[AT] Generator operation

szabelski at wildblue.net szabelski at wildblue.net
Fri Aug 7 13:23:26 PDT 2020


Brad,

Hopefully this helps you to check out the regulator:

https://www.youtube.com/watch?v=II-6nOw28J8

The young lady in the video is very knowledgable about Farmall tractors, she’s done several books on them.

To me it sounds like the regulator is cutting out to soon. When the battery is charged, the one coil (assuming you have the older type with coils) that feeds the battery for charging will open and the current draw for the battery goes to zero instantly. That’s because it is either open or closed, no in between. The newer electronic regulators can allow the battery charge to slowly drop, or go to a trickle charge state, once the battery is charged or nearly charged.

17V out of the generator seems a little high to me. Usually you should only see 14V - 15V.  You only need to apply a charge of about 2V more than the battery rating in order to charge the battery. At 17V you could be causing the one coil to drop out early before the battery starts to charge. You may want to see if you can find the specs for the tractor and verify that you have the right generator with the correct size pulley.  The engine speed and the ratio of pulley sizes between the two determines how fast the generator spins. If it spins too slow, low output voltage. If it spins too fast, high output voltage.

Carl
----- Original Message -----
From: Gunnells, Brad R <brad-gunnells at uiowa.edu>
To: Antique Tractor Email Discussion Group <at at lists.antique-tractor.com>
Sent: Thu, 06 Aug 2020 23:31:34 -0400 (EDT)
Subject: [AT] Generator operation

Ok, see if I can help get this back on tractors.....

Dad has a very nicely restored Ferguson TO-35 that has a 12v generator with external regulator. I'm going to drive it this weekend with him (he's driving a Farmall 656) on a tractor ride. He mentioned a while back that it wasn't charging. So I went over and looked at it tonight.

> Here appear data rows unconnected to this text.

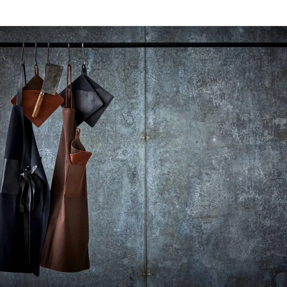 2 brune grydelapper af kanvas og læder. Kanvas er 100 % bomuldsstof i en kraftig vævning. Det er slidstærkt og vandafvisende, hvilket gør det egnet til hverdagsbrug. Læderet er 100 % bøffellæder. Bøffellæder er slidstærkt og har stor elasticitet. Med passende pleje vil bøffellæder holde i lang tid og få patina, som fremhæver læderets skønhed. Grydelapperne har en lomme, der gør det nemt at gribe fat i fade m.m. De beskytter hele hånden, fx når du tager et varmt fad ud af ovnen.
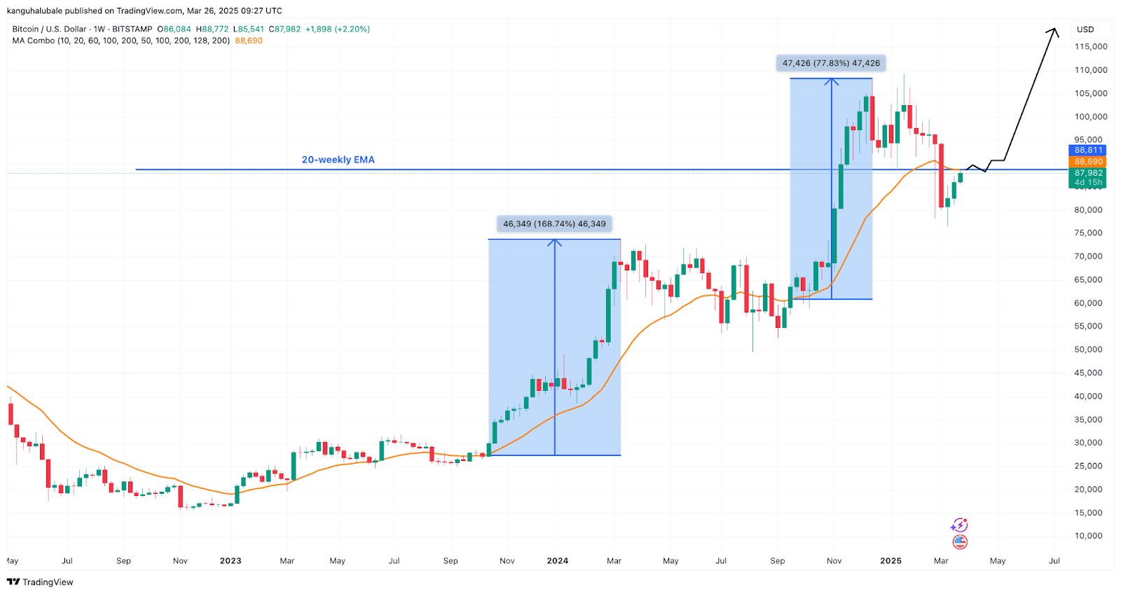 Аналогичная динамика имела место, когда цена превысила 20-недельную EMA в сентябре 2024 года, что предшествовало росту на 77% c $60,000 до $108,000 в декабре 2024 года.
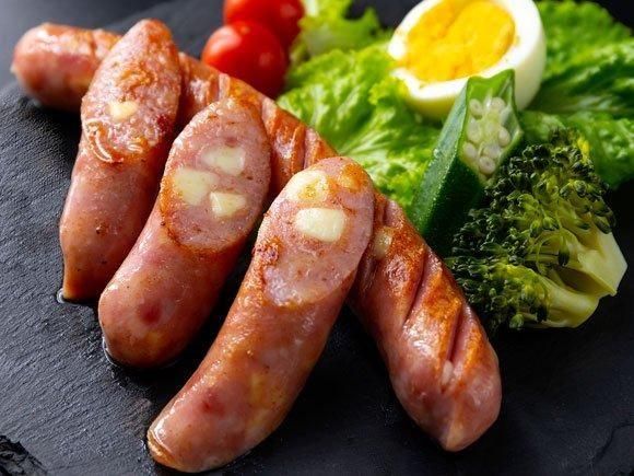 チーズフランクフルト:豚肉、チーズ、食塩、砂糖、香辛料/酸化防止剤(V.C)、リン酸塩(Na)、発色剤(亜硝酸Na)
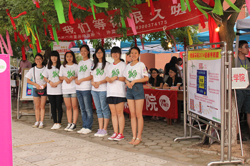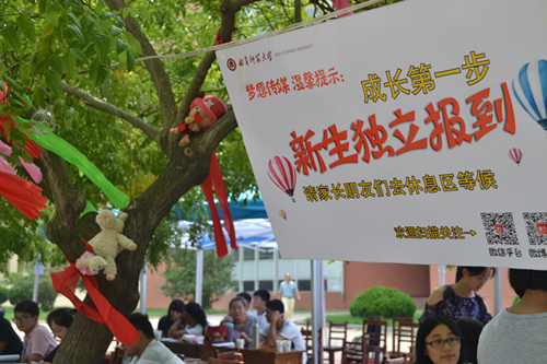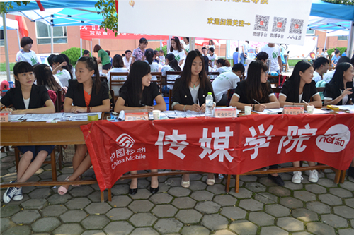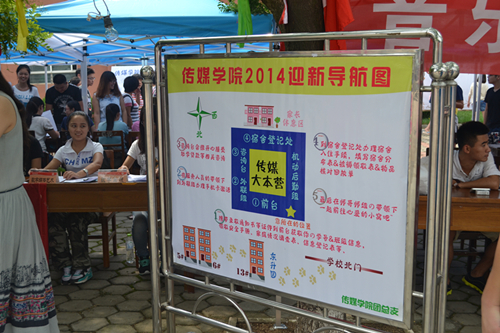 首先映入新生眼帘的是树枝上满挂的彩带,以及立在树枝上的毛绒玩具,这些玩偶全部是2013级女生贡献出来的,营造学院温暖贴心的氛围。硕大的标语“我们等你很久啦”消除了14级新生对于传媒这个大家庭的陌生感和紧张感。“新生独立报到”的温馨提示,请新生家长去休息区等候,培养学生独立自主的意识;树立在报到前台的导航图示牌,呈现出我院一条龙报到的形式,引领新生报到流程一目了然;前台接待的同学身着正装,耐心解答新生的疑问,大本营内工作人员都身着我学院特制的T恤,上面印有“梦想传媒”的泼墨字样,旨在与全国上下大议的中国梦背景下打造具有梦想的老王论坛

I picked up some testing procedures from Yesterday's Tractor site and a few others. To make a long story short, I took a jumper wire and connected it to the mounting bolt on the regulator to the field connection on the regulator. It excited things and the amp gauge showed a charge. I had my volt meter (cheap Harbor Freight unit) on and it appeared to run up to nearly 17 volts before the regulator kicked out. We fiddled with things a while (put a load tester to draw battery down, etc) and while it will show a charge it makes me think the regulator may be suspect. It shows a 10 amp + charge when running at higher RPMs and then it suddenly drops to 0. I'm used to an alternator where the charge rate drops gradually to zero. Is this how external regulators typically run or is the regulator not working as intended? Good news is the generator is working so that's a plus.

Thanks for any insight from those of you who've worked with these before.